[SOURCE MATERIAL — start]
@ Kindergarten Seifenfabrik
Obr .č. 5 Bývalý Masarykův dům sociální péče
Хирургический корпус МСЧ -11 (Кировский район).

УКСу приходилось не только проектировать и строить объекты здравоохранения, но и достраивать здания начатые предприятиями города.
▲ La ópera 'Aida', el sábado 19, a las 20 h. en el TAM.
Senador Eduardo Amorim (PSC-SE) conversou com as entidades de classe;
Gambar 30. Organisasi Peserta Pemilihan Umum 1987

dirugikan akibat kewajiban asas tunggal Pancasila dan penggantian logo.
[SOURCE MATERIAL — finish]
[SOURCE MATERIAL — start]
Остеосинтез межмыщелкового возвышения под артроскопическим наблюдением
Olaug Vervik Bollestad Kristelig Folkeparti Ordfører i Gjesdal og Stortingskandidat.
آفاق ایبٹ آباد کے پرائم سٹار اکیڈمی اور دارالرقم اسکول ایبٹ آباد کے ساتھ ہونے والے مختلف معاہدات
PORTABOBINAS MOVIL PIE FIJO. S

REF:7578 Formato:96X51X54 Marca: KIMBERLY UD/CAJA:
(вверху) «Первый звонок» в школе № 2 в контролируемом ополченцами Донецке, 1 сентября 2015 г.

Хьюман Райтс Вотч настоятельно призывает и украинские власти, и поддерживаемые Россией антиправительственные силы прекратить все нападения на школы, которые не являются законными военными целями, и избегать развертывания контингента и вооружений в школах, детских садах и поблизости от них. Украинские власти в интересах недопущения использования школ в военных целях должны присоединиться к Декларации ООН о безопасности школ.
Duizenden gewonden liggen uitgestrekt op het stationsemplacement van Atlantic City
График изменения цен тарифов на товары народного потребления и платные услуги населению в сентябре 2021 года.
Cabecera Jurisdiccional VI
[SOURCE MATERIAL — finish]
» **PROBLEM REQUIREMENTS**:
Would you retype exactly the lines above, from the line with "REF:7578 Formato:96X51X54 Marca: KIMBERLY" to the line with "Cabecera Jurisdiccional VI", with both end lines kept and nothing more?

» **OUTPUT FOR THIS TASK**:
REF:7578 Formato:96X51X54 Marca: KIMBERLY UD/CAJA:
(вверху) «Первый звонок» в школе № 2 в контролируемом ополченцами Донецке, 1 сентября 2015 г.

Хьюман Райтс Вотч настоятельно призывает и украинские власти, и поддерживаемые Россией антиправительственные силы прекратить все нападения на школы, которые не являются законными военными целями, и избегать развертывания контингента и вооружений в школах, детских садах и поблизости от них. Украинские власти в интересах недопущения использования школ в военных целях должны присоединиться к Декларации ООН о безопасности школ.
Duizenden gewonden liggen uitgestrekt op het stationsemplacement van Atlantic City
График изменения цен тарифов на товары народного потребления и платные услуги населению в сентябре 2021 года.
Cabecera Jurisdiccional VI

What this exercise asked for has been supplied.